## Aim of the exercise
Retype, without changes, every line from the line that contains "My desktop speakers" through the final line of the records. Exclude pictures.

## Working data
▬▬▬▬▬▬▬▬▬▬
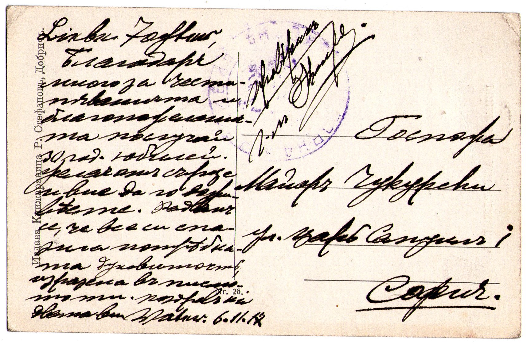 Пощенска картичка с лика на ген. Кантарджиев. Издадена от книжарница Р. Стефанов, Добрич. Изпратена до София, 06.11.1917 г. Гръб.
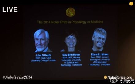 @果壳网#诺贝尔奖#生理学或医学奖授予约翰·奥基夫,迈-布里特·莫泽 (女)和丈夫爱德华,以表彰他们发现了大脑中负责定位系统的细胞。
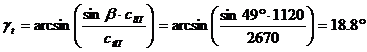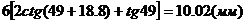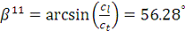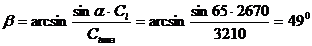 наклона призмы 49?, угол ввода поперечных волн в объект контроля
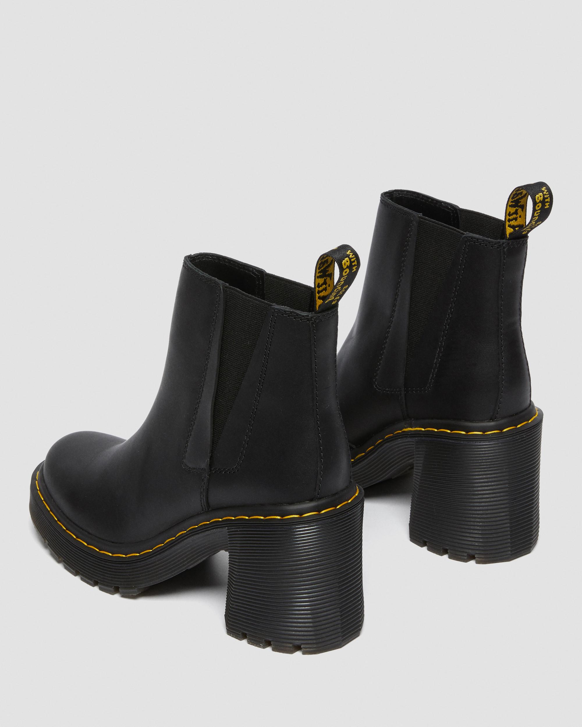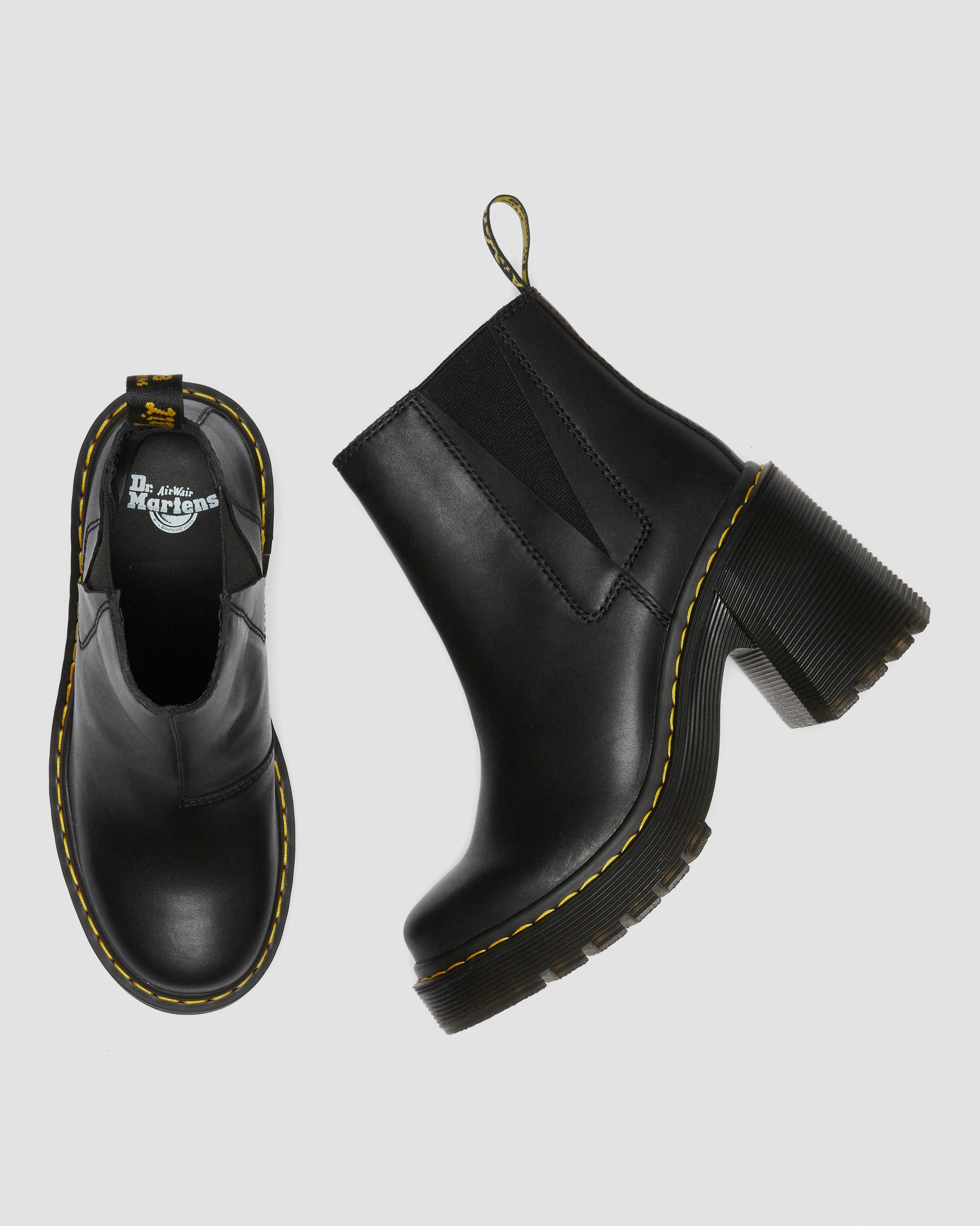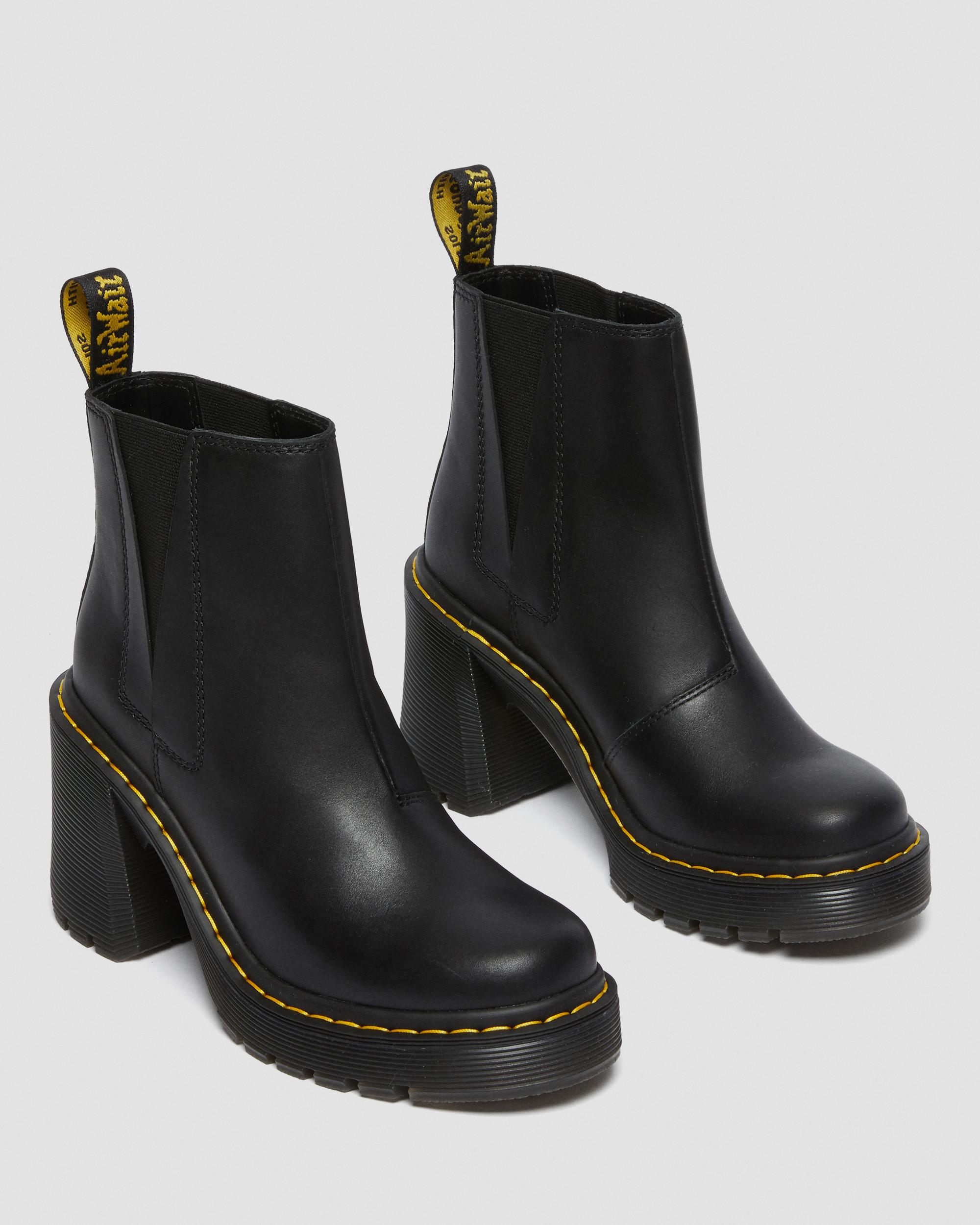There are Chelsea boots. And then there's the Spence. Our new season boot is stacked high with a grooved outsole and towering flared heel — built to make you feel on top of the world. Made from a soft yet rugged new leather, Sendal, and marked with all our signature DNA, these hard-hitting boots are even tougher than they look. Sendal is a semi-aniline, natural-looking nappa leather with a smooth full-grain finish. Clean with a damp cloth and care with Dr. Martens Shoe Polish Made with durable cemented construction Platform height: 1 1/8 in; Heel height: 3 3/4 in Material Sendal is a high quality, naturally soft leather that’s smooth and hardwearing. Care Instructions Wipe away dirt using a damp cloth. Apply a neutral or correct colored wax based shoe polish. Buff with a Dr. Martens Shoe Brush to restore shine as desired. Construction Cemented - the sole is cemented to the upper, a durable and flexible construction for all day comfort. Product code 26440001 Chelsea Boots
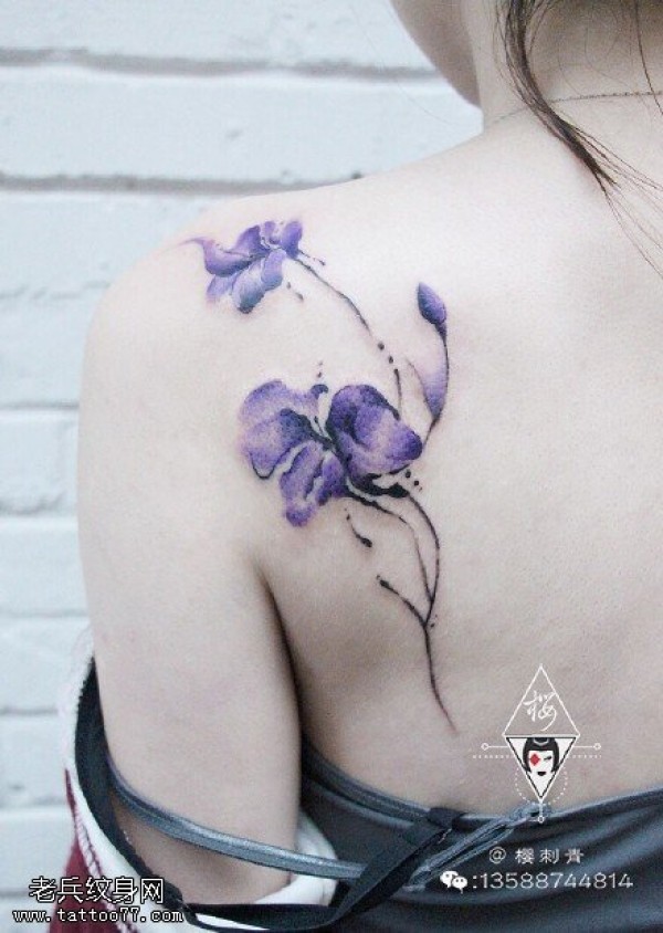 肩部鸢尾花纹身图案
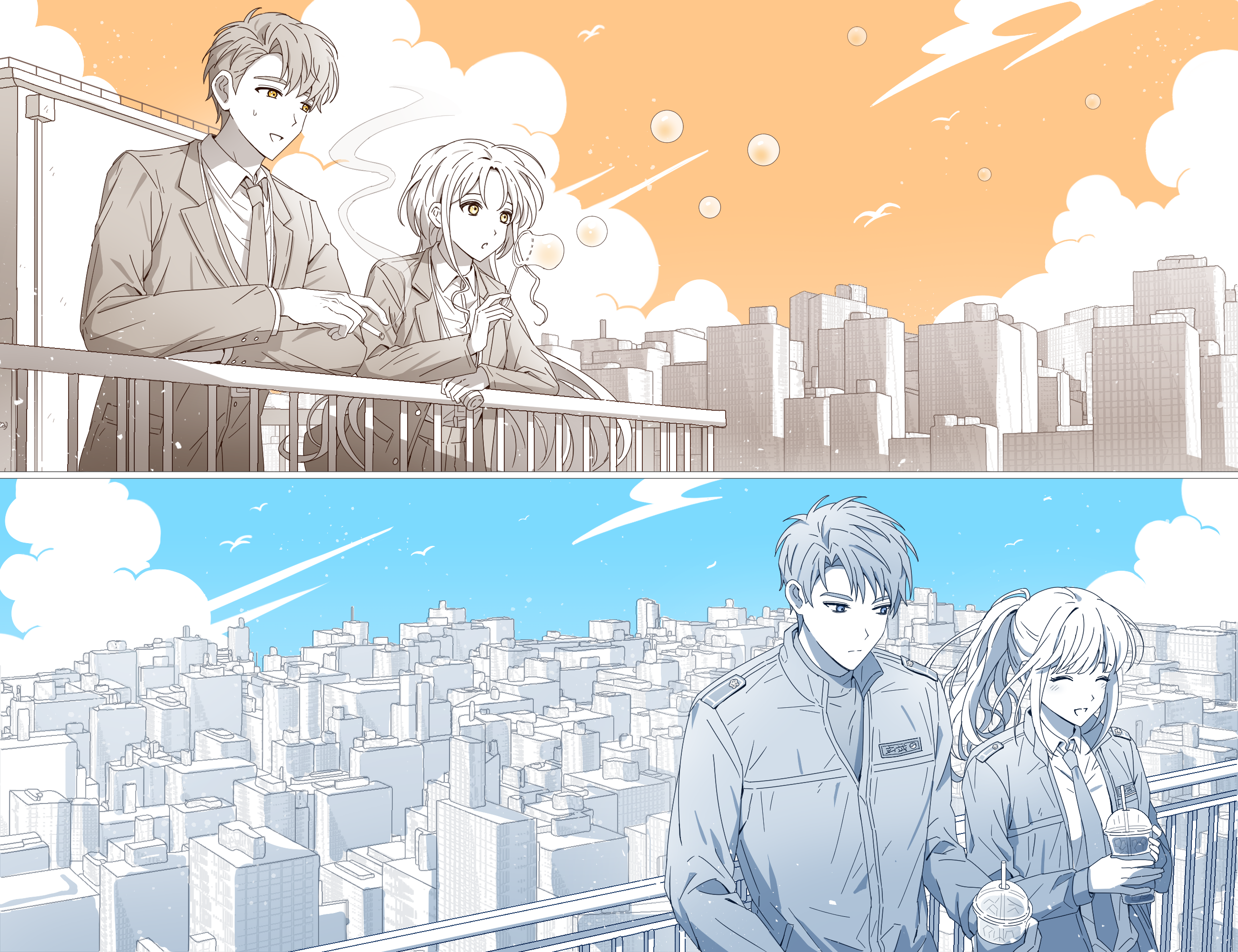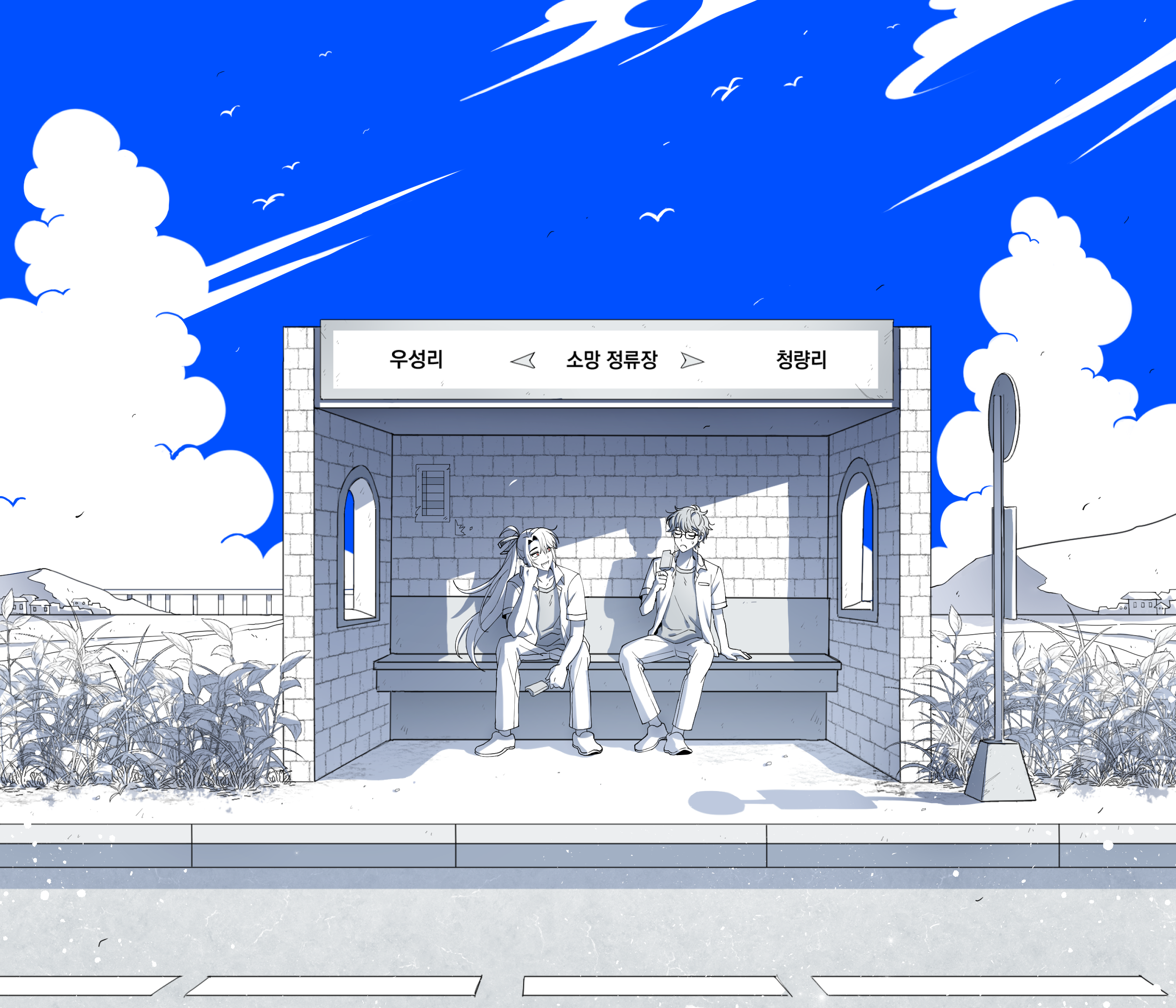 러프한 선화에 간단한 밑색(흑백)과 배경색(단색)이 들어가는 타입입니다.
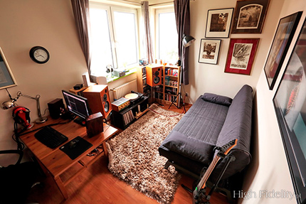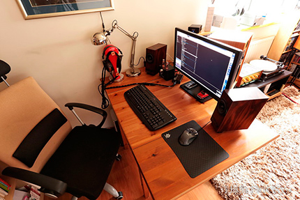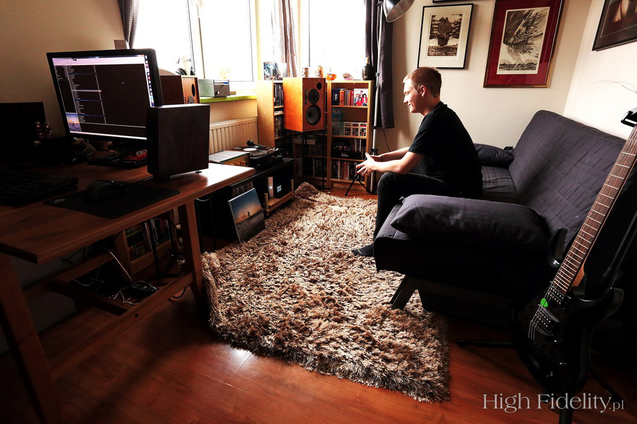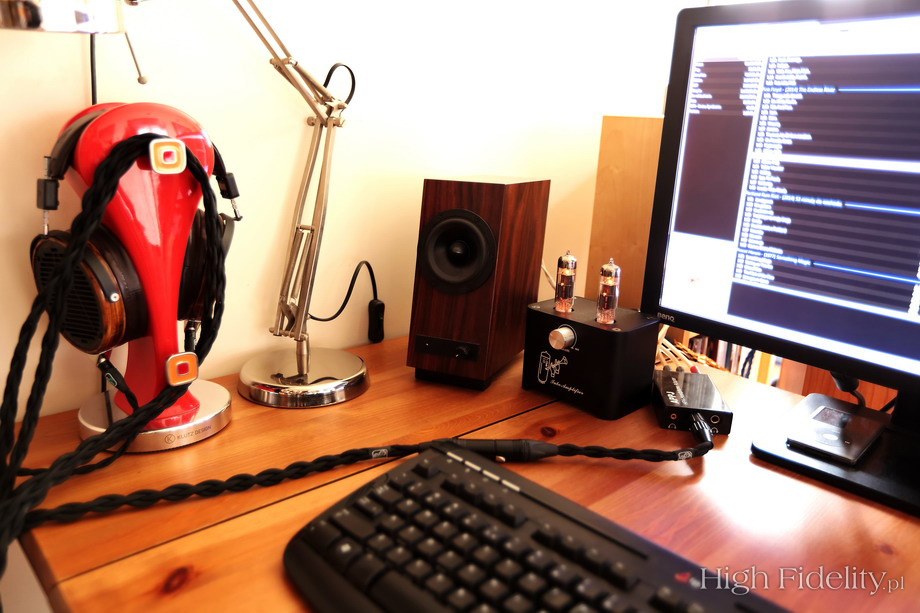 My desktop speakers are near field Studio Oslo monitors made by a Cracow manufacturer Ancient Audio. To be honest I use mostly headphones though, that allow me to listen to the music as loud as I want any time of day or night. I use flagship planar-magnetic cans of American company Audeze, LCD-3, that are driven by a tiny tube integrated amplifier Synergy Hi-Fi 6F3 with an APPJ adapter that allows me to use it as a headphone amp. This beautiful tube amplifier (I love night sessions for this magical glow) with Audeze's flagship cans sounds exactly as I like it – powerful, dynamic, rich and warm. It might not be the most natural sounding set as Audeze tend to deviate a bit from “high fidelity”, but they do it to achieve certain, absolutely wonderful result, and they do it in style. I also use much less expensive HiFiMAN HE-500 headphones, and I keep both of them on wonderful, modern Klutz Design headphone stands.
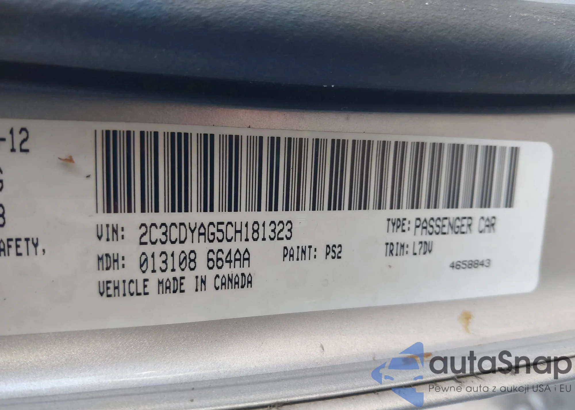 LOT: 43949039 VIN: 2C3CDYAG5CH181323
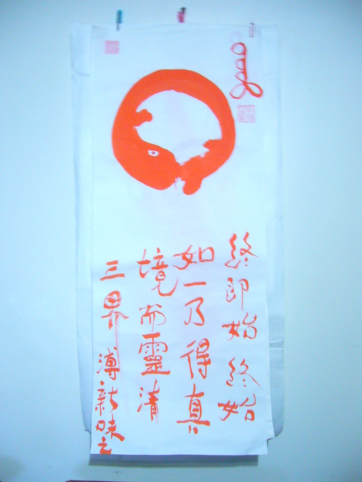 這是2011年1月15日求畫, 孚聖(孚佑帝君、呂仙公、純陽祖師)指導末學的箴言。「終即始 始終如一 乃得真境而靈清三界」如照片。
▬▬▬▬▬▬▬▬▬▬
## Response to this task
 My desktop speakers are near field Studio Oslo monitors made by a Cracow manufacturer Ancient Audio. To be honest I use mostly headphones though, that allow me to listen to the music as loud as I want any time of day or night. I use flagship planar-magnetic cans of American company Audeze, LCD-3, that are driven by a tiny tube integrated amplifier Synergy Hi-Fi 6F3 with an APPJ adapter that allows me to use it as a headphone amp. This beautiful tube amplifier (I love night sessions for this magical glow) with Audeze's flagship cans sounds exactly as I like it – powerful, dynamic, rich and warm. It might not be the most natural sounding set as Audeze tend to deviate a bit from “high fidelity”, but they do it to achieve certain, absolutely wonderful result, and they do it in style. I also use much less expensive HiFiMAN HE-500 headphones, and I keep both of them on wonderful, modern Klutz Design headphone stands.
 LOT: 43949039 VIN: 2C3CDYAG5CH181323
 這是2011年1月15日求畫, 孚聖(孚佑帝君、呂仙公、純陽祖師)指導末學的箴言。「終即始 始終如一 乃得真境而靈清三界」如照片。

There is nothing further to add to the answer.